▼
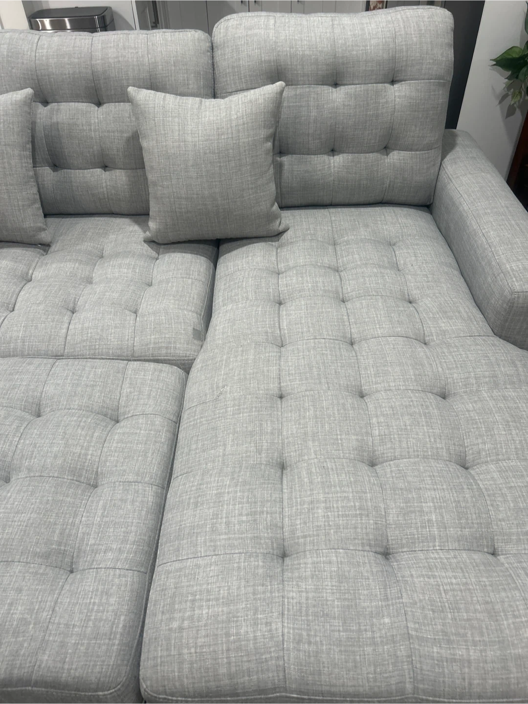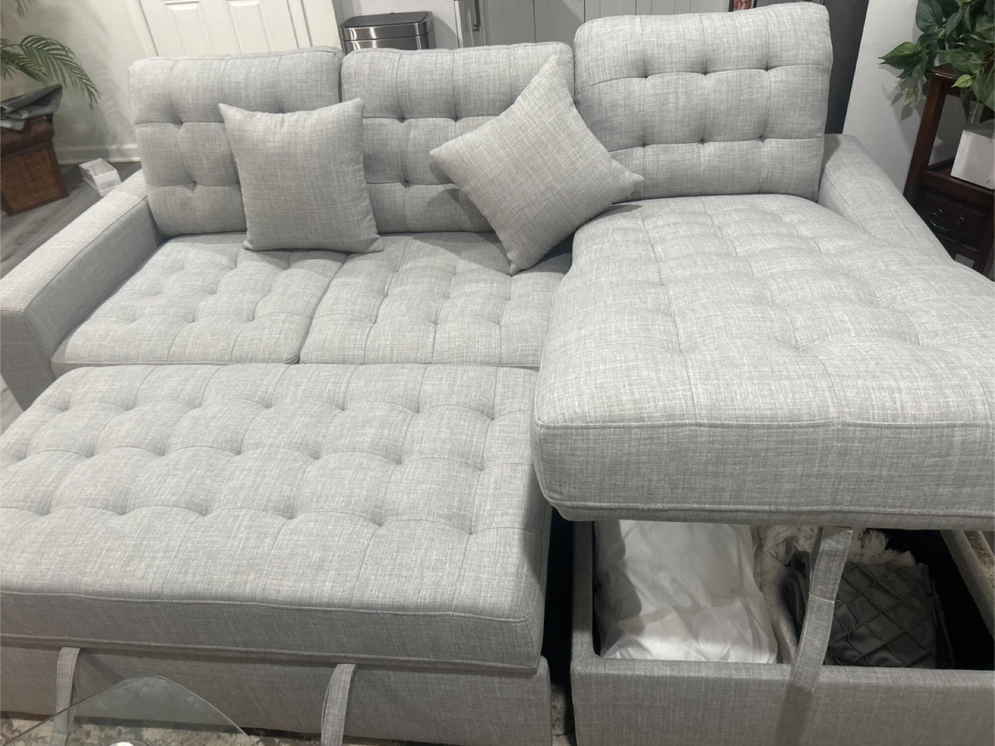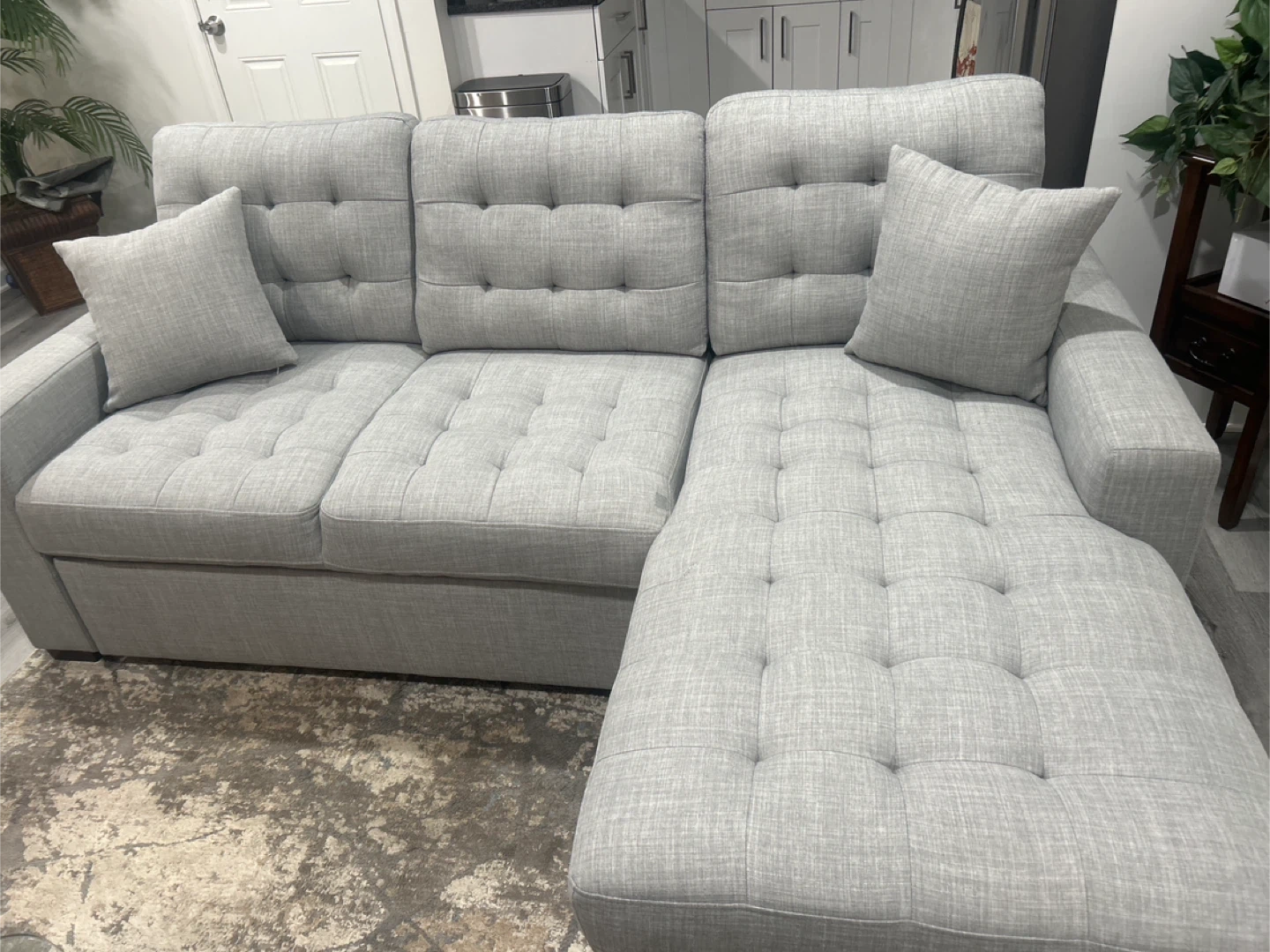 Selling a comfortable gray sectional sofa from Raymour & Flanigan only 3 months of use, that includes an ottoman. It become a queen size bed. It features a tufted design and comes with throw pillows. The ottoman also has storage space underneath. It's in great condition!
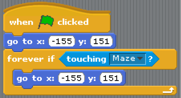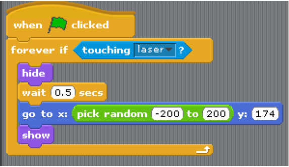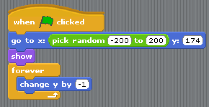 When the green flag is clicked, the program picks a random place at the top of the screen. The alien is then shown. A loop forever command makes the alien automatically move down the screen.
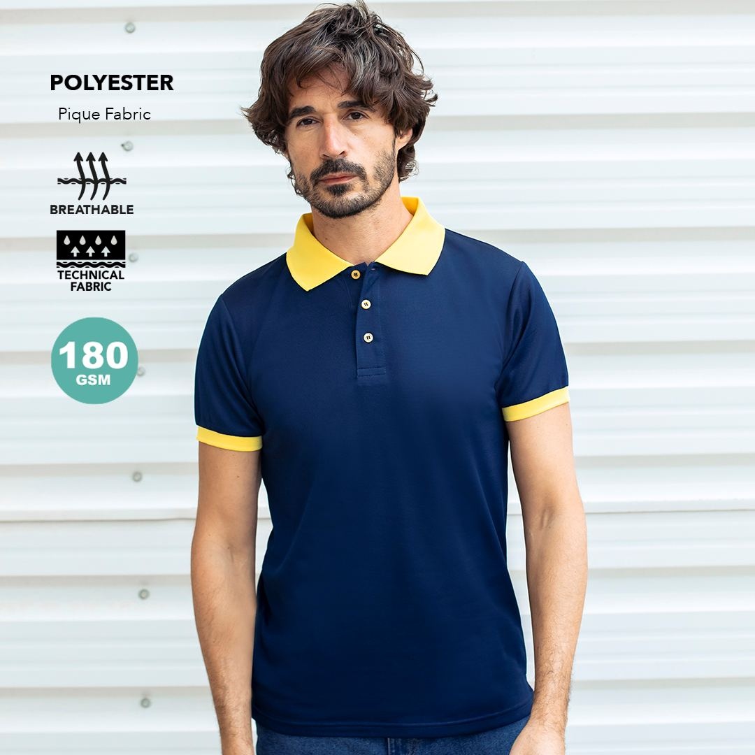 Polo technique en matière 100% polyester piqué de 180g/m2. Fabriqué en tissu respirant confortable et doux, avec des ouvertures latérales sur le bas. Design original en bleu marine, avec col et détails de manches dans un ton contrasté et assorti. Avec 3 boutons de fermeture élégants, assortis au col et aux détails des manches. Disponible en différentes couleurs et tailles XS, S, M, L, XL, XXL.
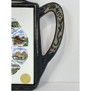 This vintage Villeroy & Boch trivet features a unique design inspired by Switzerland, as indicated by the words "Suisse," "Schweiz," and "Svizera" on the item. The trivet is 6 inches in height and width, making it suitable for use with teapots or other hot serving dishes. Made in Switzerland, this trivet is a stylish and functional piece for any kitchen or dining room, reflecting the quality craftsmanship and design that Villeroy & Boch is known for.
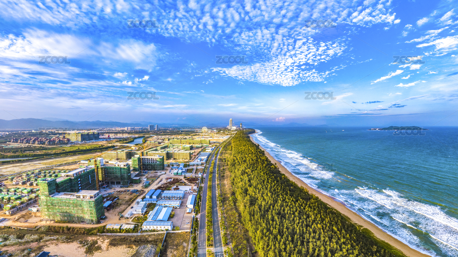 Aerial View of Resorts and Hotels under Construction at Haitang Begonia Bay in Sanya of Hainan Island of China
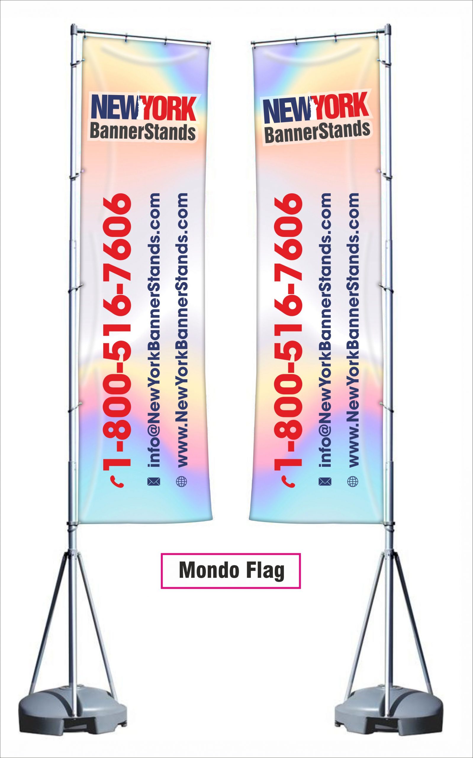 The Mondo Flagpole banner stand comes with a custom print, stand and water base. The Mondo flagpole is ideal for outdoor events, conference, sport events, etc. The banner design is customized to your graphic artwork, and is printed on a polyester-blend mesh fabric material by the process of dye sublimation. The telescopic aluminum flagpole fits into a plastic base that can be filled with water for stability. The flag is grommeted across the top and down 1 side and attaches to the flagpole with the supplied rings.
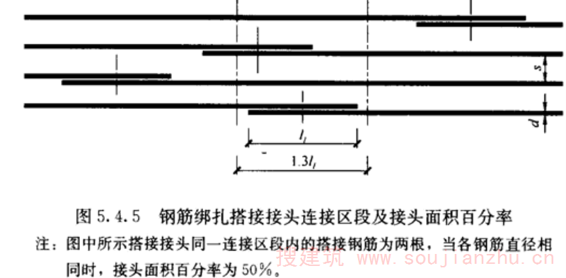 C.0.1、C.0.2 根据国家标准《混凝土结构设计规范》GB 50010-2010的规定,绑扎搭接受力钢筋的最小搭接长度应根据钢筋及混凝土的强度经计算确定,并根据搭接钢筋接头面积百分率等进行修正。当接头面积百分率为25%~100%的中间值时,修正系数按25%~50%、50%~100%两段分别内插取值。
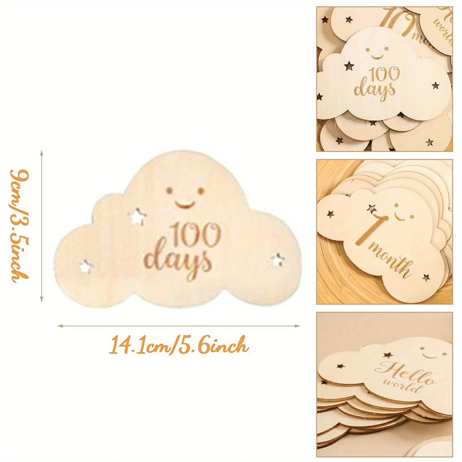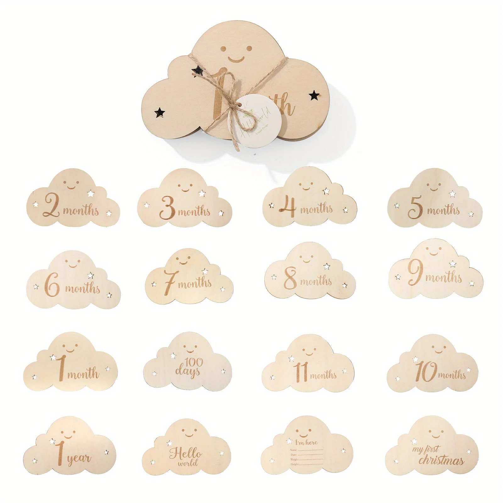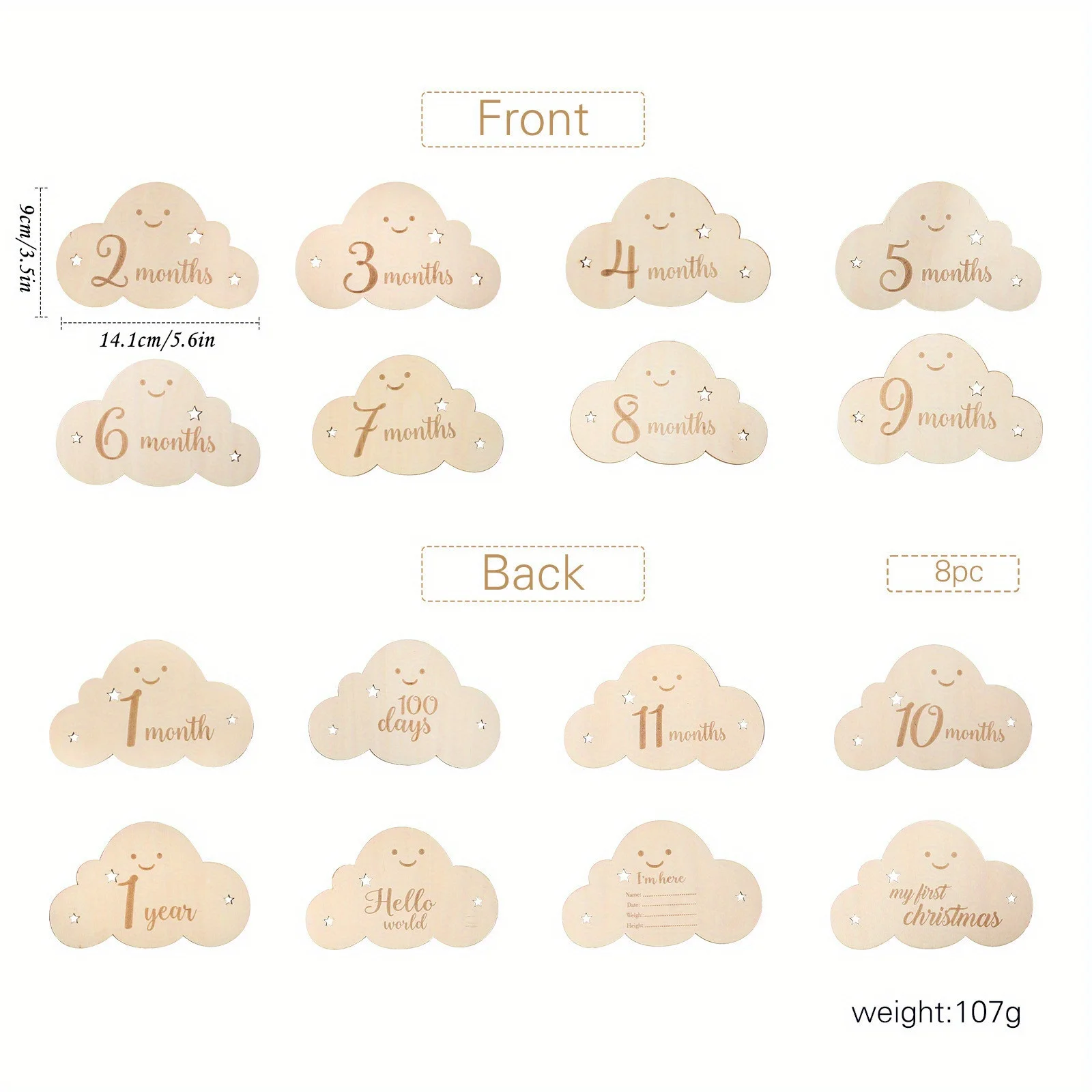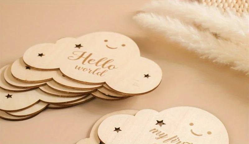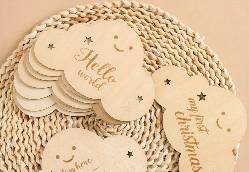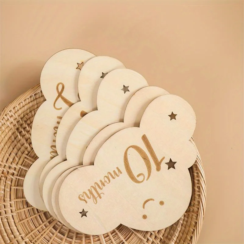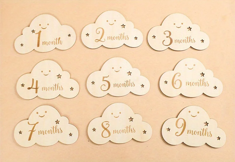 Tarjetas de Hitos madera para bebé, 8 piezas, signos nube, fotos mensuales, crecimiento marcadores viaje embarazo, accesorios
▲
→ **YOUR ASSIGNMENT**: Reproduce the material above exactly, first line through the line that contains "Aerial View of", minus the pictures.

→ **TASK SOLUTION**:
 Selling a comfortable gray sectional sofa from Raymour & Flanigan only 3 months of use, that includes an ottoman. It become a queen size bed. It features a tufted design and comes with throw pillows. The ottoman also has storage space underneath. It's in great condition!
 When the green flag is clicked, the program picks a random place at the top of the screen. The alien is then shown. A loop forever command makes the alien automatically move down the screen.
 Polo technique en matière 100% polyester piqué de 180g/m2. Fabriqué en tissu respirant confortable et doux, avec des ouvertures latérales sur le bas. Design original en bleu marine, avec col et détails de manches dans un ton contrasté et assorti. Avec 3 boutons de fermeture élégants, assortis au col et aux détails des manches. Disponible en différentes couleurs et tailles XS, S, M, L, XL, XXL.
 This vintage Villeroy & Boch trivet features a unique design inspired by Switzerland, as indicated by the words "Suisse," "Schweiz," and "Svizera" on the item. The trivet is 6 inches in height and width, making it suitable for use with teapots or other hot serving dishes. Made in Switzerland, this trivet is a stylish and functional piece for any kitchen or dining room, reflecting the quality craftsmanship and design that Villeroy & Boch is known for.
 Aerial View of Resorts and Hotels under Construction at Haitang Begonia Bay in Sanya of Hainan Island of China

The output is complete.